__PROVIDED INFORMATION__.
___

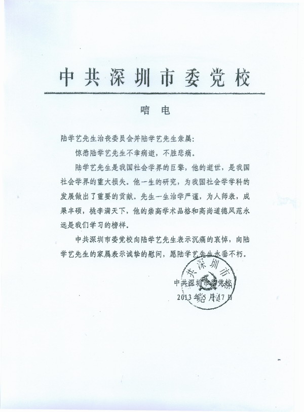 中共深圳市委党校(唁电)
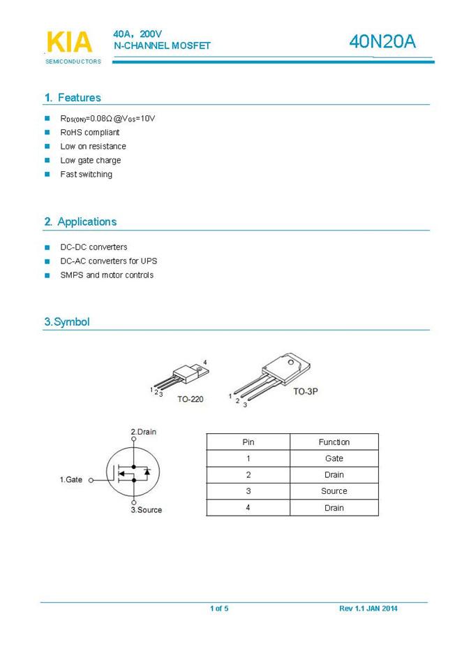 參數(shù): ID(A): 40    BVDSS(V): 200    RDS(ON): 0.1    Qg(nC): 50    Package: TO-220、TO-3P
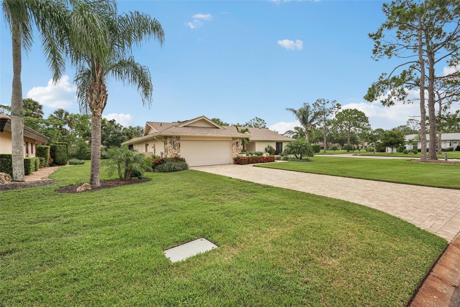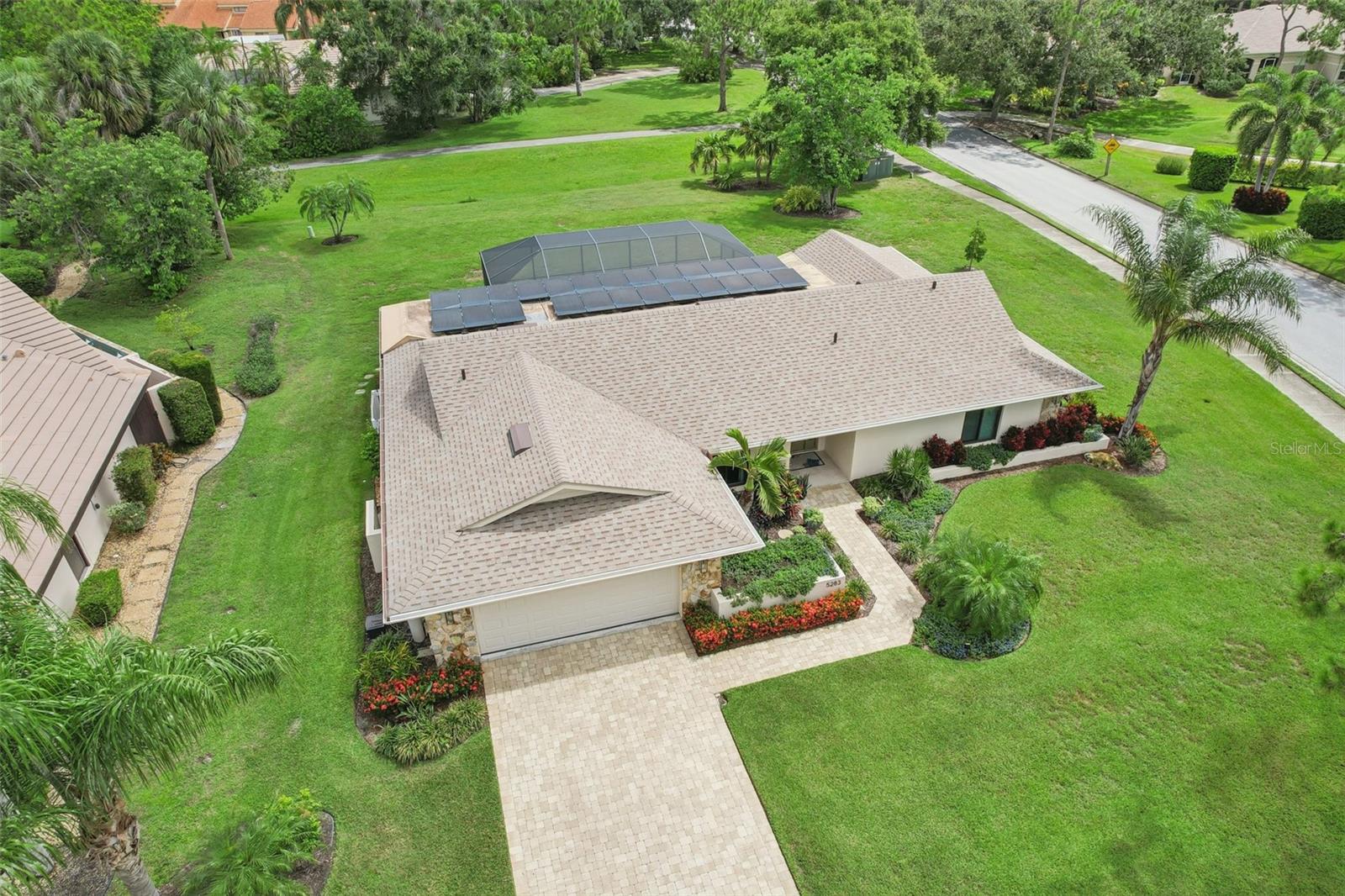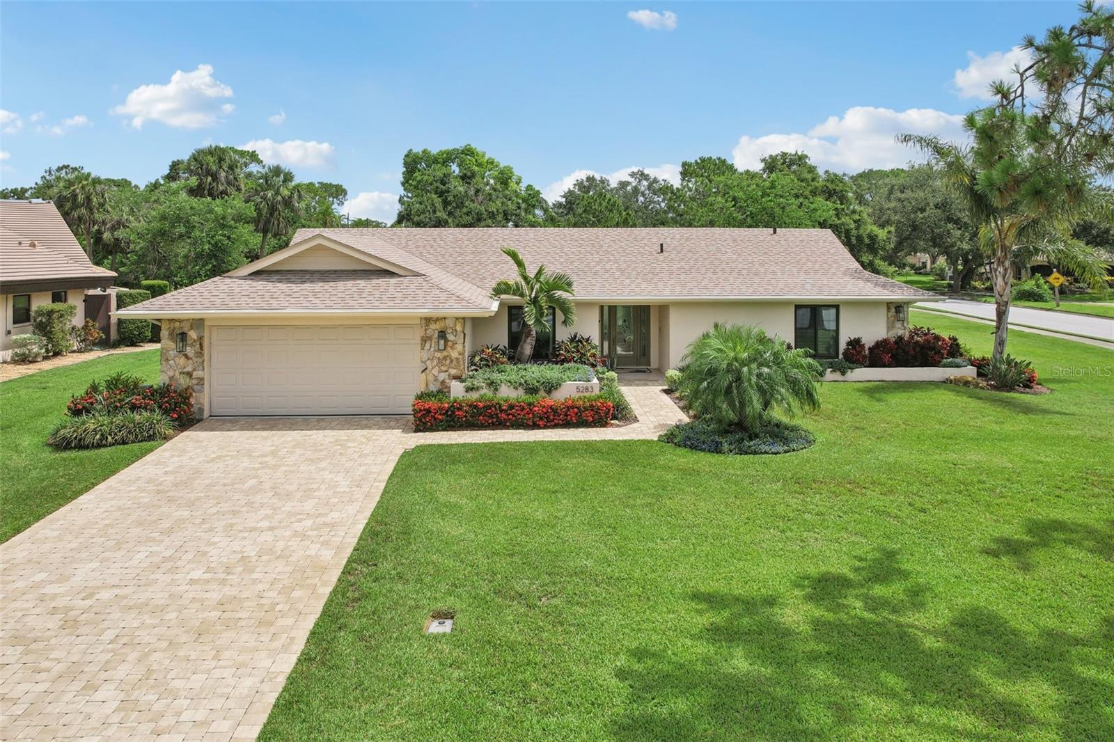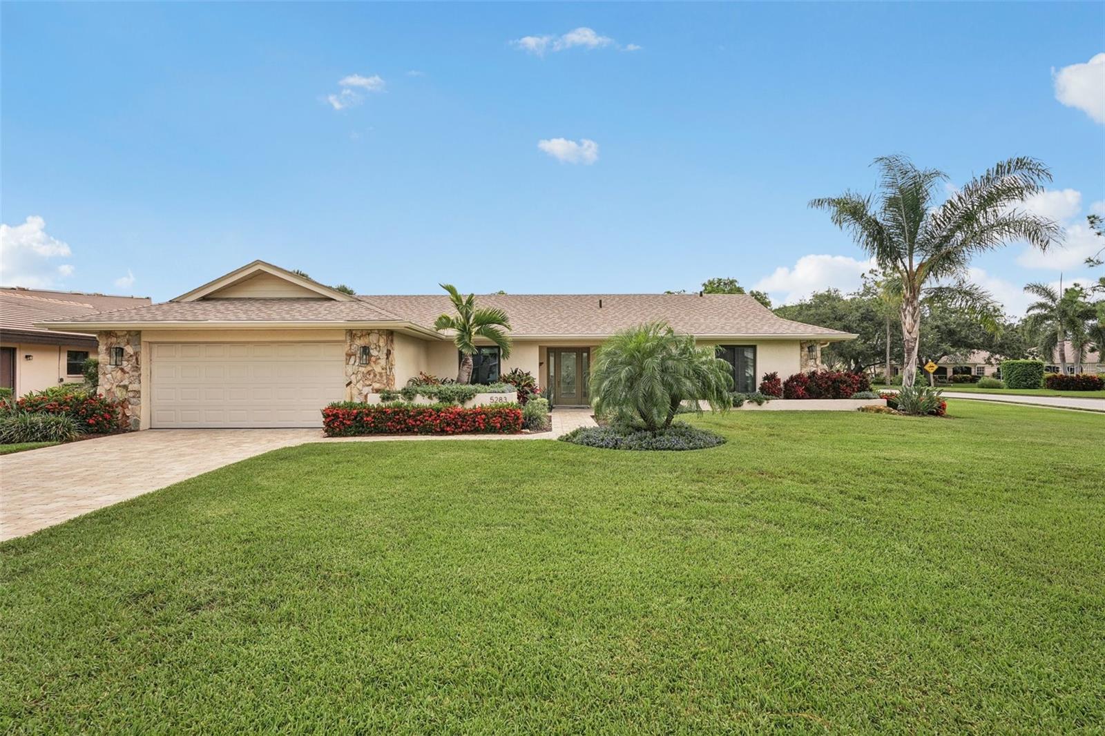 Welcome to your dream home at 5283 Everwood Run, nestled on an expansive oversized corner lot of over 16,000 square feet. This beautifully updated two-bedroom, two-bathroom plus den residence offers a perfect blend of luxury and comfort in the heart of Sarasota. Enjoy breathtaking views of the Meadows Golf Course's 13th hole and 14th tee from the inviting pool area, making this property a true oasis for golf enthusiasts and nature lovers alike. This charming home features a versatile office or den that can easily serve as a potential third bedroom, providing ample space for family and guests. Recent renovations and upgrades include a newer roof equipped with upgraded hurricane tie-down straps and impact-resistant windows and doors, including the garage door, which significantly reduce homeowners' insurance costs. The property boasts owned solar panels installed on the rear roof, ensuring lower energy costs with an existing FPL agreement. Additionally, new blown-in R30 attic insulation was added in 2024 for enhanced energy efficiency, and the exterior and interior have been freshly painted, complemented by new exterior lighting. The elegant paver driveway and front walkway enhance the home's curb appeal. Modern amenities abound, including a whole house water softener and treatment system installed in 2024 for improved water quality, as well as a reverse osmosis water treatment system in the kitchen for pure drinking water. Solid maple flooring throughout the living areas provides a warm and inviting atmosphere. The renovated kitchen, dining, and living areas have been thoughtfully redesigned to create an open floor plan that overlooks the sparkling pool, perfect for entertaining and family gatherings. The guestroom has been reconfigured to provide a second ensuite bedroom for added convenience. Recent upgrades also include the complete removal of popcorn ceilings with a smooth skim coat plaster finish, new recessed lighting, and a fire protection system. New interior solid shaker-style doors, trim, and hardware, along with new 5-inch high baseboards throughout the home, add to the modern aesthetic. The new HVAC system with UV light protection installed in 2022 and the water heater replaced in 2024 ensure worry-free living. Step outside to discover your outdoor paradise, featuring a newly installed pool and lanai cage completed in 2024. The updated and sealed pool pavers, along with a new pool heater and high-efficiency pool filter, ensure your pool is ready for year-round enjoyment. This meticulously maintained home is not just a residence; it's a lifestyle. Don't miss the opportunity to make this exceptional property your own. Schedule a private showing today and experience the perfect blend of luxury, comfort, and stunning views at 5283 Everwood Run!
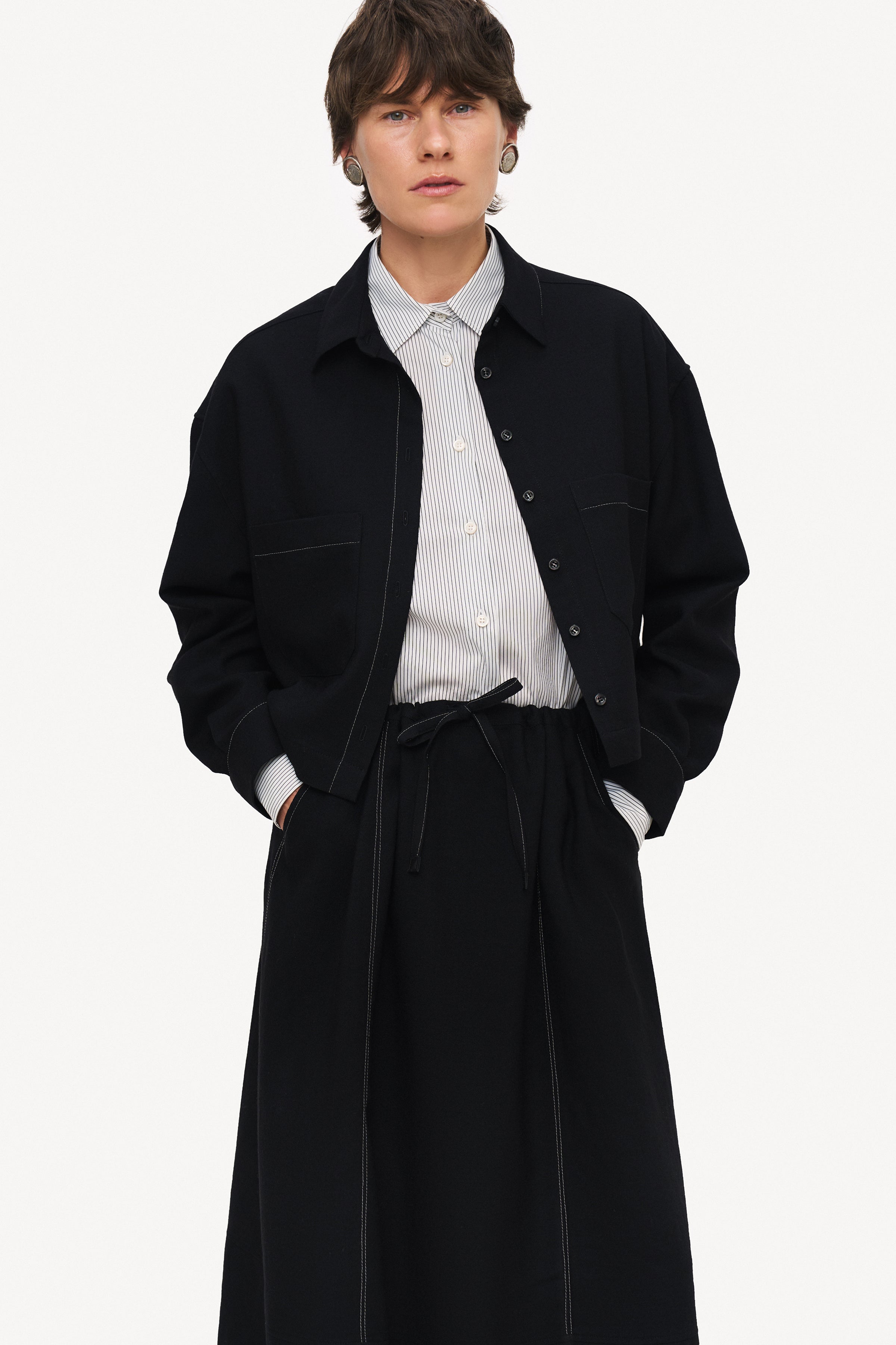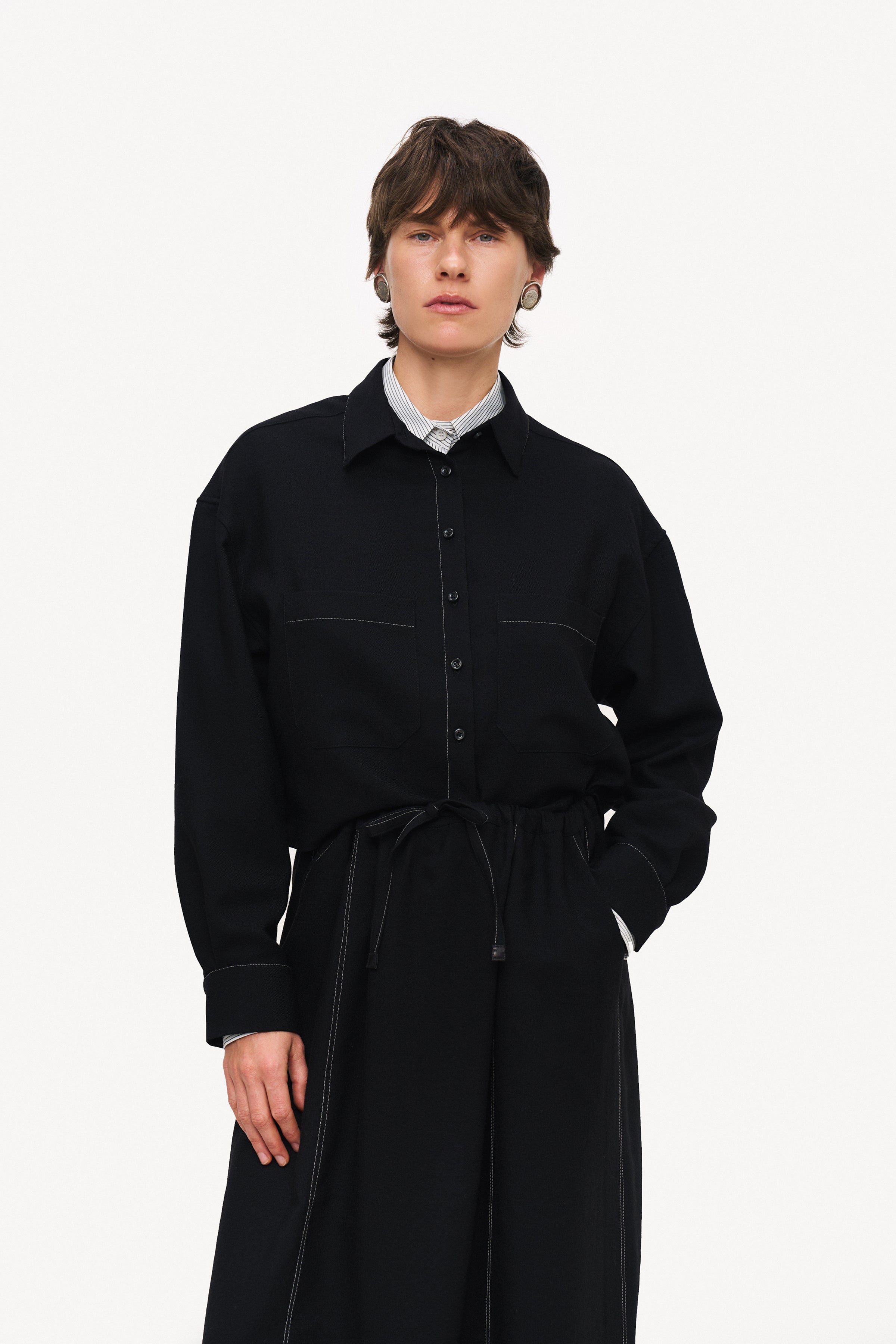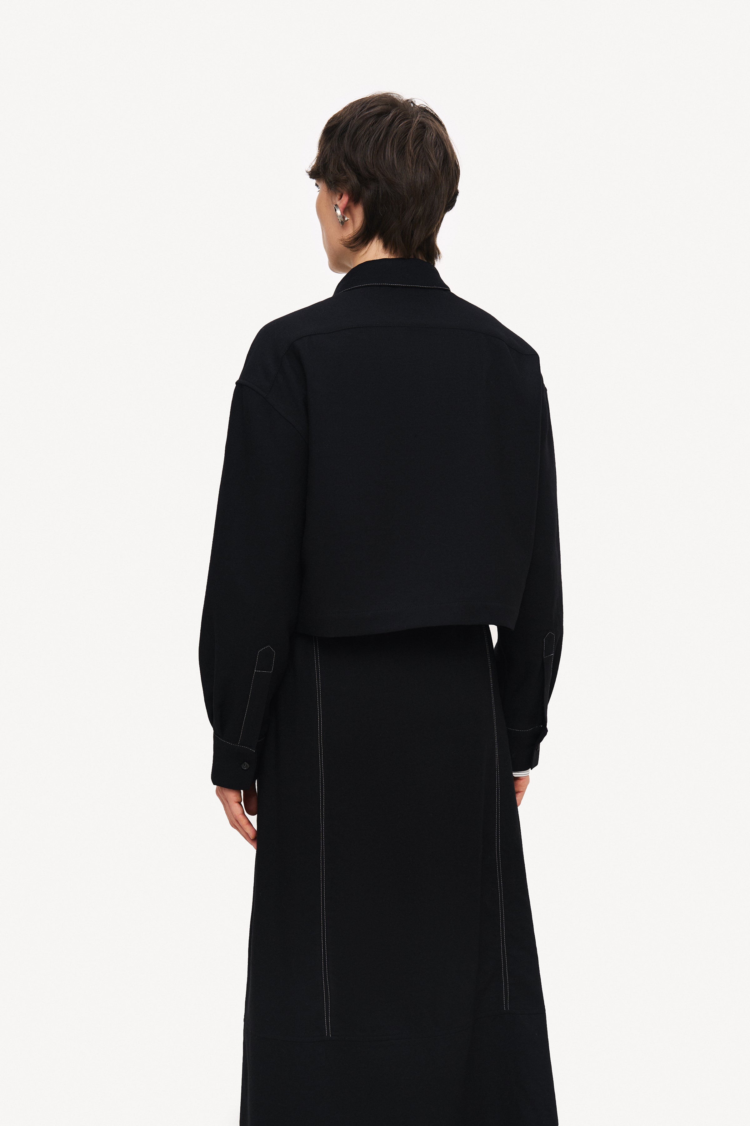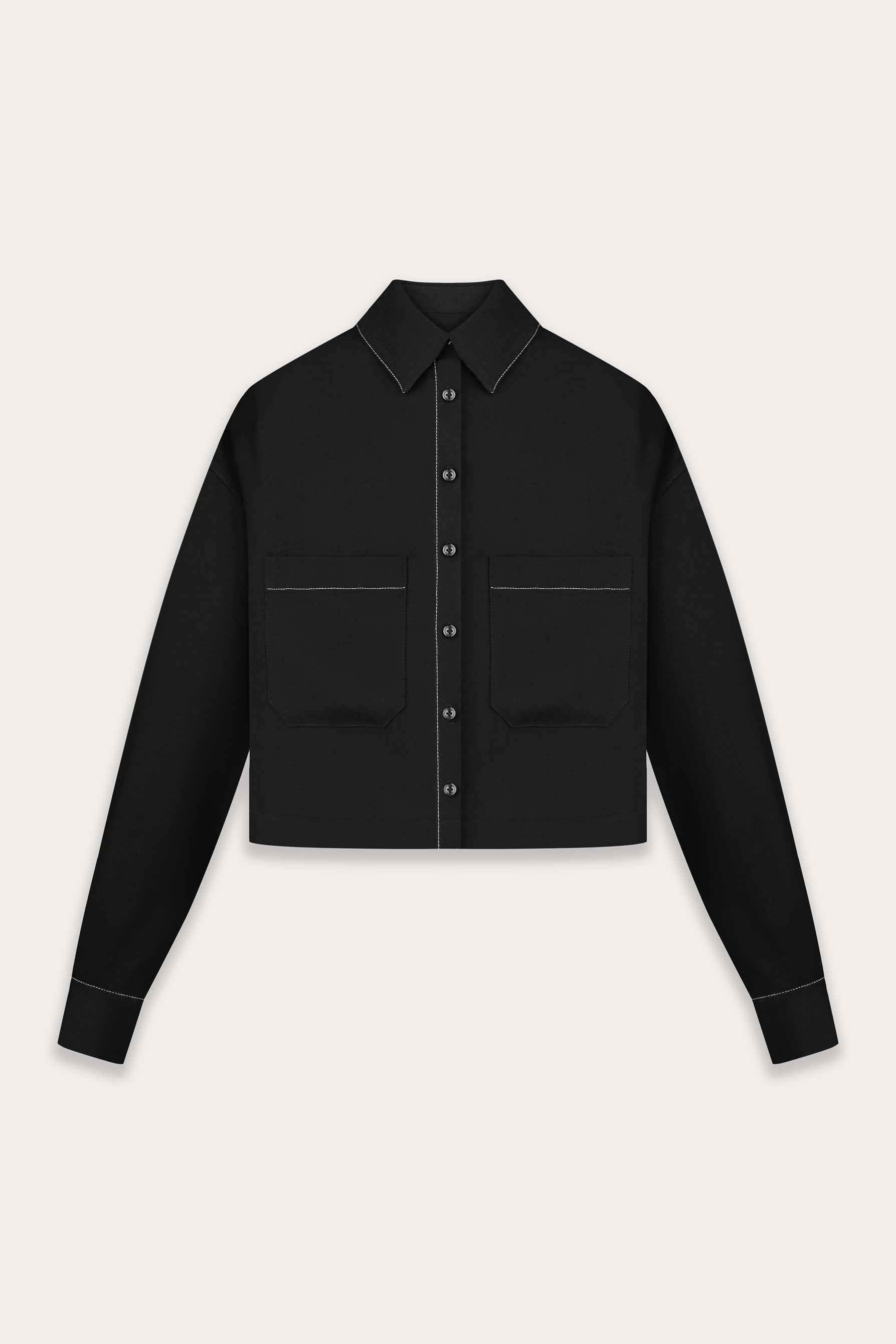Вкорочена сорочка оверсайз Cropped виготовлена із легкої вовни. Модель виконана у мінімалістичному стилі, виріб прикрашають контрасні білі стібки і фронтальні кишені.
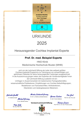 Die Auszeichnung der Lehnhardt Stiftung wird mit einem exklusiven Siegel „Herausragende(r) Cochlea Implantat Experte / Expertin“ und einer offiziellen Urkunde verliehen. Dieses Siegel steht für höchste Standards in der medizinischen Versorgung, innovative Beiträge zur Cochlea-Implantat-Technologie und ein tiefes Verantwortungsbewusstsein gegenüber den jungen Patientinnen und Patienten. Es ist ein Symbol für Vertrauen, Kompetenz und die Kraft, Leben zu verändern.
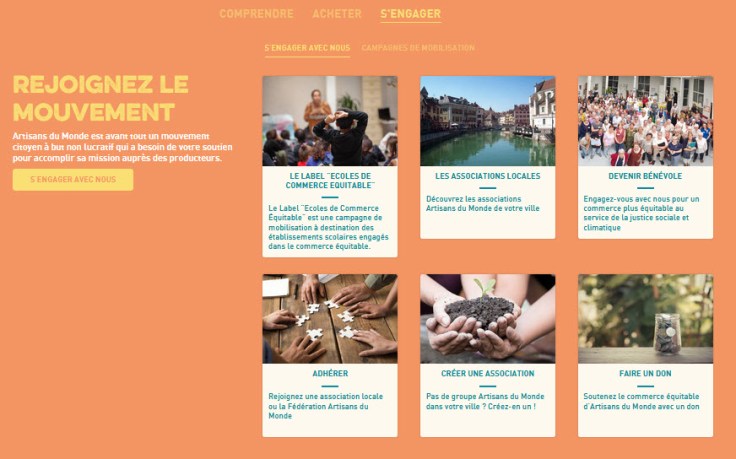 On lance une grande campagne, ludique, positive et engageante pour vous faire découvrir le visage d’Artisans du Monde, celui des bénévoles et des partenaires qui font vivre, chaque jour, notre mouvement. Parce que les actes valent plus que les grands discours, nous vous invitons à découvrir ces milliers de personnes qui “font” et à les rejoindre… et parce que pour nous, engagement rime avec convivialité, nous avons préparé des surprises tout au long de l’année : jeux concours, événements, et bien d’autres choses encore !
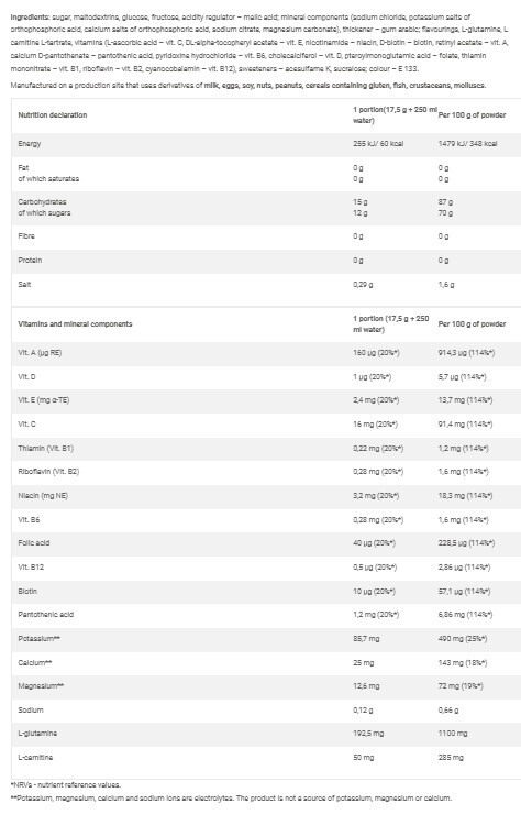 Användning: Blanda 17,5 g pulver = 1 ½ skopa i 250 ml vatten. Använd vid behov, särskilt under tävlingar, intensiv träning och krävande fysisk aktivitet. Ska drickas direkt efter blandning. Rekommenderad daglig dos bör inte överskridas. Kosttillskott bör aldrig ersätta en varierad kost. Vi rekommenderar en balanserad kost och en hälsosam livsstil. Förvaras i rumstemperatur.

___

__PROBLEM REQUIREMENTS__.
Print from the line containing "Вкорочена сорочка оверсайз" through the line containing "On lance une" in the data above, exactly as the lines stand, and omit every picture.

__TASK SOLUTION__.
Вкорочена сорочка оверсайз Cropped виготовлена із легкої вовни. Модель виконана у мінімалістичному стилі, виріб прикрашають контрасні білі стібки і фронтальні кишені.
 Die Auszeichnung der Lehnhardt Stiftung wird mit einem exklusiven Siegel „Herausragende(r) Cochlea Implantat Experte / Expertin“ und einer offiziellen Urkunde verliehen. Dieses Siegel steht für höchste Standards in der medizinischen Versorgung, innovative Beiträge zur Cochlea-Implantat-Technologie und ein tiefes Verantwortungsbewusstsein gegenüber den jungen Patientinnen und Patienten. Es ist ein Symbol für Vertrauen, Kompetenz und die Kraft, Leben zu verändern.
 On lance une grande campagne, ludique, positive et engageante pour vous faire découvrir le visage d’Artisans du Monde, celui des bénévoles et des partenaires qui font vivre, chaque jour, notre mouvement. Parce que les actes valent plus que les grands discours, nous vous invitons à découvrir ces milliers de personnes qui “font” et à les rejoindre… et parce que pour nous, engagement rime avec convivialité, nous avons préparé des surprises tout au long de l’année : jeux concours, événements, et bien d’autres choses encore !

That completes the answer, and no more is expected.